A frontend supporting both V1 and V2 would hence use a type looking like:

type TavernCard = TavernCardV1 | TavernCardV2

What this means in plain JavaScript terms is that given a card named chara:

If chara.spec === undefined, then you can be sure that the card contains nothing but:

chara.name
chara.description
chara.personality
chara.scenario
chara.first_mes
chara.mes_example

And all these fields are mandatory (empty string being the default). This is the "V1" specification.

If chara.spec === 'chara_card_v2', then you can be sure that the following fields are present (empty string as the default unless specified otherwise):

chara.data.name
chara.data.description
chara.data.personality
chara.data.scenario
chara.data.first_mes
chara.data.mes_example
(New fields start here:)
chara.data.creator_notes
chara.data.system_prompt
chara.data.post_history_instructions
chara.data.alternate_greetings
chara.data.tags (default: empty array)
chara.data.creator
chara.data.character_version
chara.data.extensions (default: {})

chara.data.character_book may or may not be present.
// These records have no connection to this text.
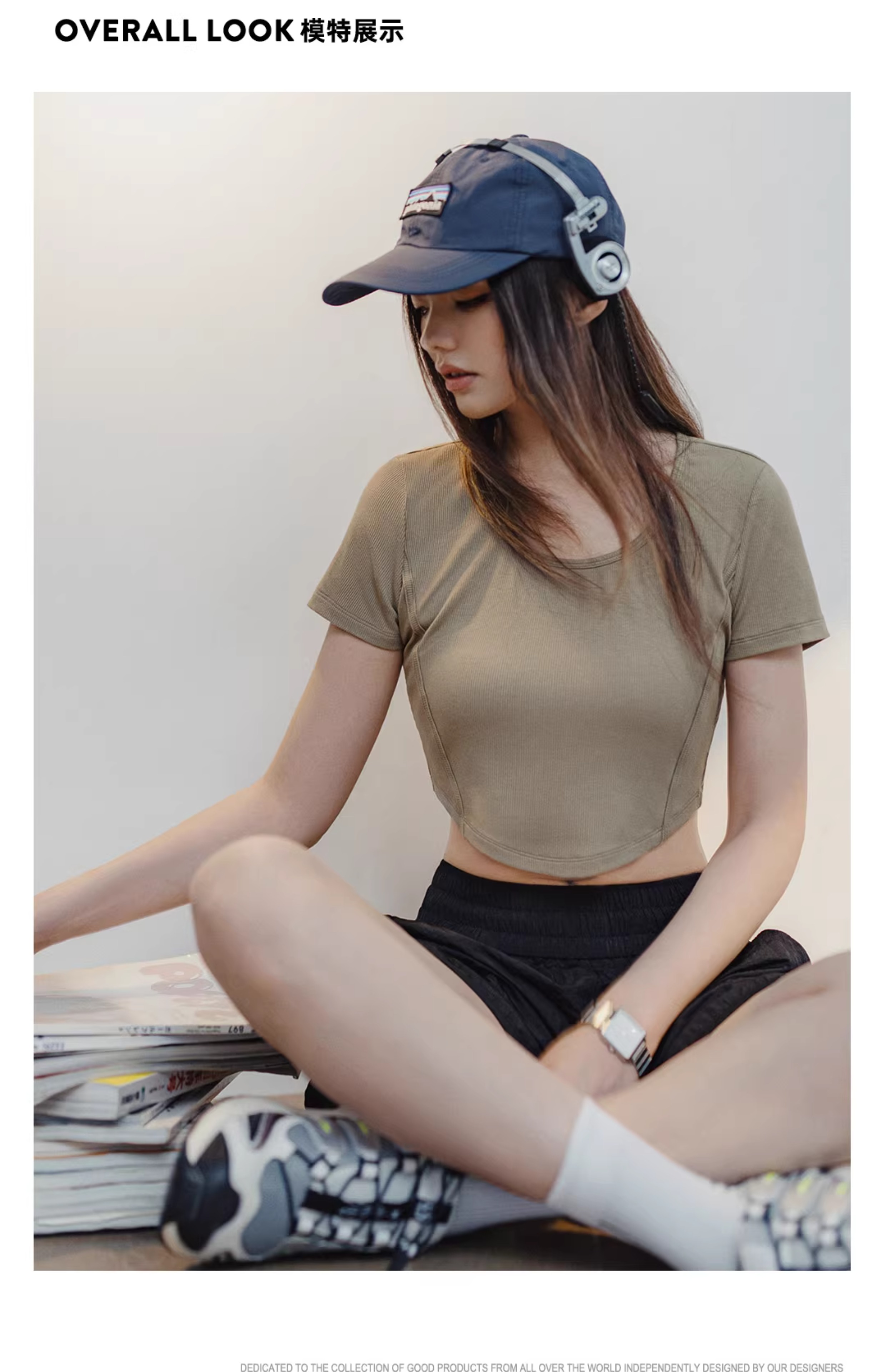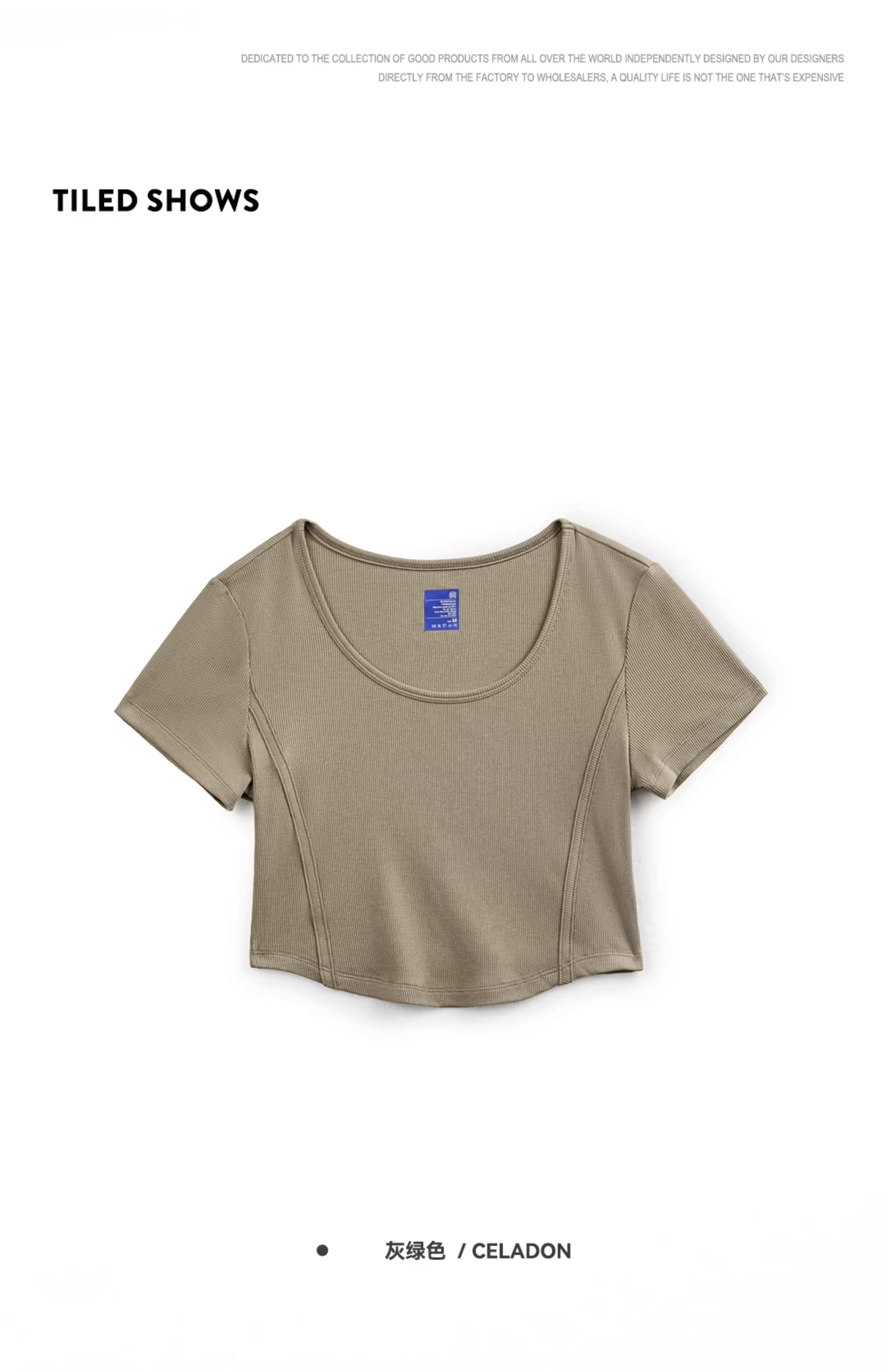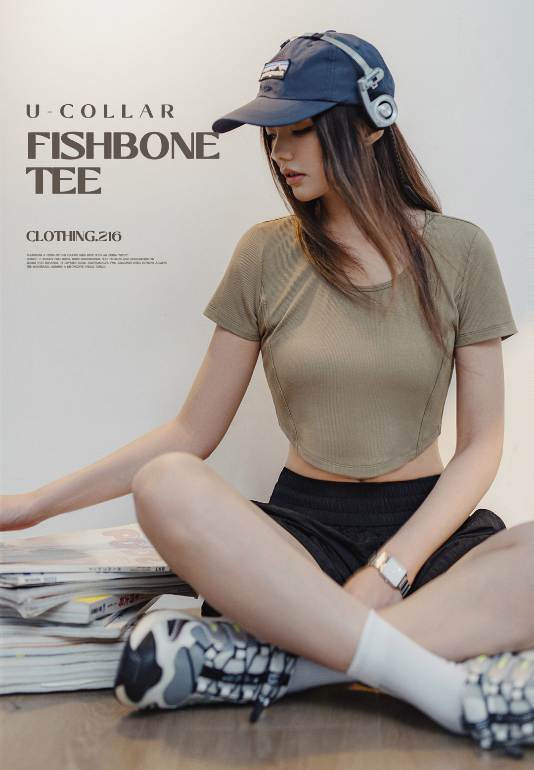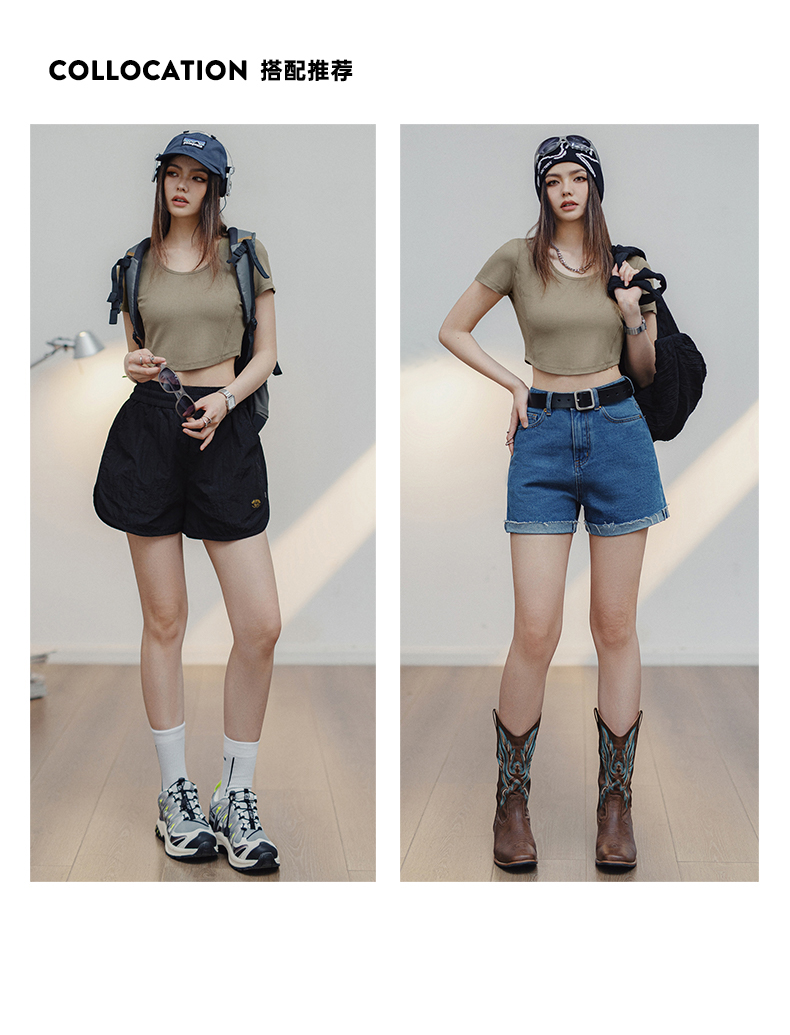 马登美式休闲正肩T恤U领鱼骨短袖修身百搭辣妹露腰短款上衣夏季女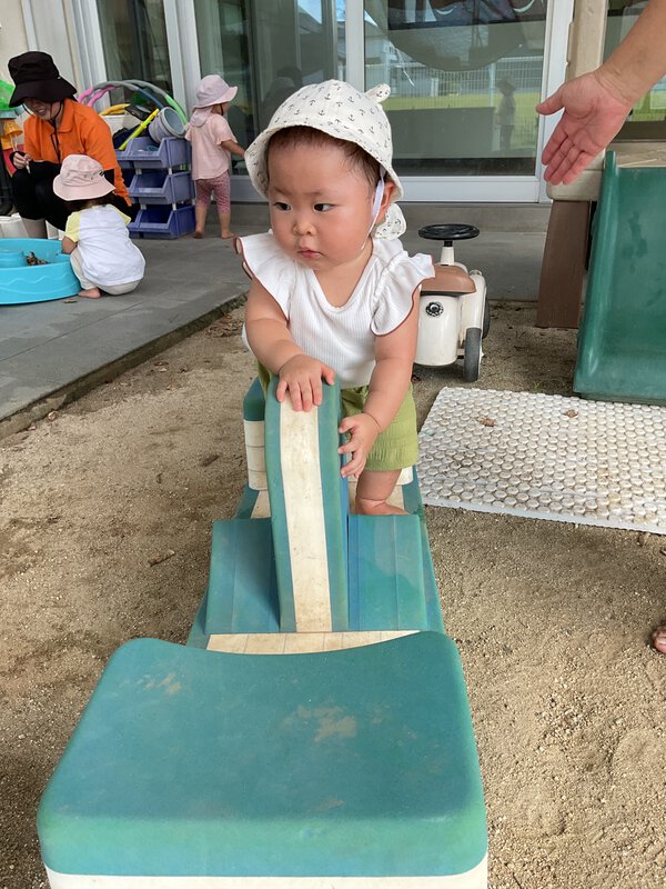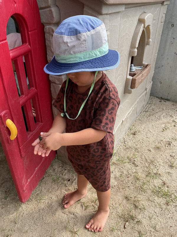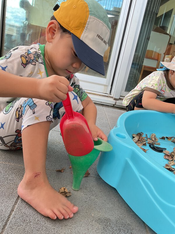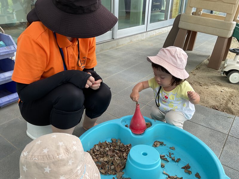 今日のお外遊びでは落ち葉をウォーターテーブルに入れて感触遊びを楽しみました!秋になり落ち葉も増えてきていますね🍂じょうごに葉っぱを入れてパリパリとした感触と音の変化を感じていました!また、シーソーを自分で揺らそうとしてみたり、カエルを自分で捕まえるなどできる事が増えてきている子ども達です!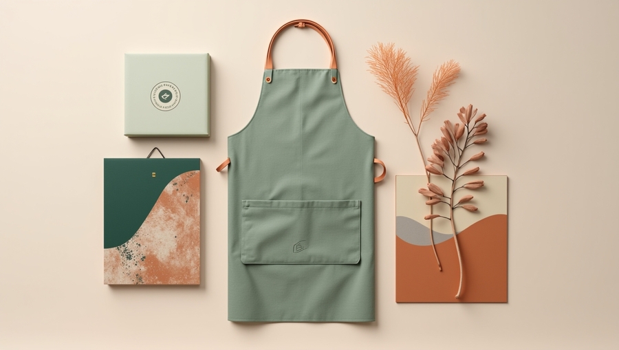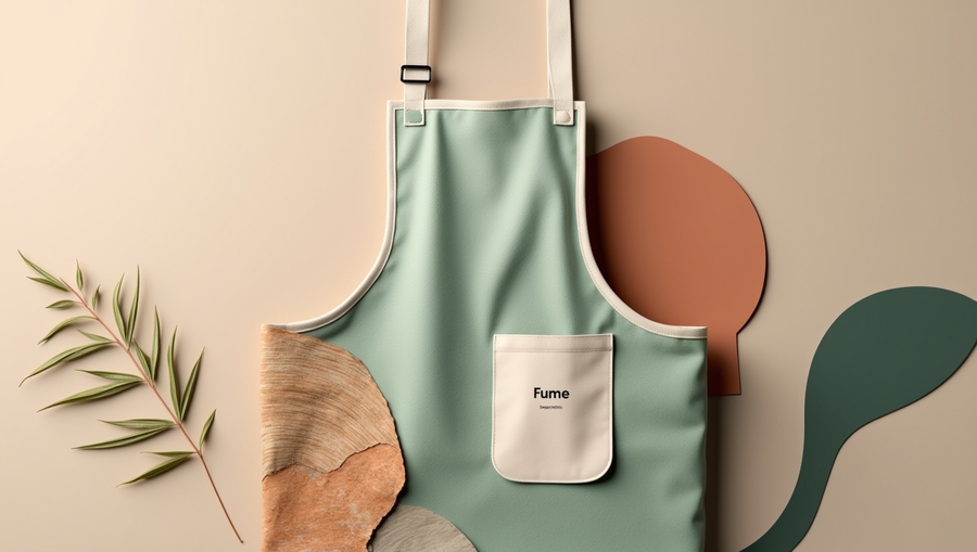 2. Design a range of merchandise for the Fume incense brand. Maintain the established Fume color palette (specify colors if known, e.g., «earthy tones, muted pastels, subtle metallics») and incorporate subtle, abstract representations of natural forms, inspired by the organic shapes found on Fume packaging. The merchandise should be stylish, understated, and reflect the brand’s sophisticated and natural aesthetic. Focus on creating designs that appeal to a discerning customer who appreciates high quality and subtle branding. Design an apron for the Fume incense brand. The apron should be made from durable, high-quality material (e.g., canvas or linen). The design should be functional and stylish. Incorporate the Fume color palette (e.g., a muted green or earthy brown). Feature a subtle, abstract pattern inspired by natural textures (e.g., wood grain or stone) as the background. Include a small Fume logo or a minimalist graphic on the front pocket.

The reason why old and new fields are nested into a data object in the V2 spec is to prevent V1-only editors (e.g. ZoltanAI, if the creator cannot be reached) from successfully loading a V2 card, but silently destroying its V2-only fields.

`spec`

The value for this field should be "chara_card_v2".

Ensuring character cards have a spec field will make it easier to create more card formats in the future, if needed.

`creator_notes`

A field where creators can include information that will never be included in the prompts.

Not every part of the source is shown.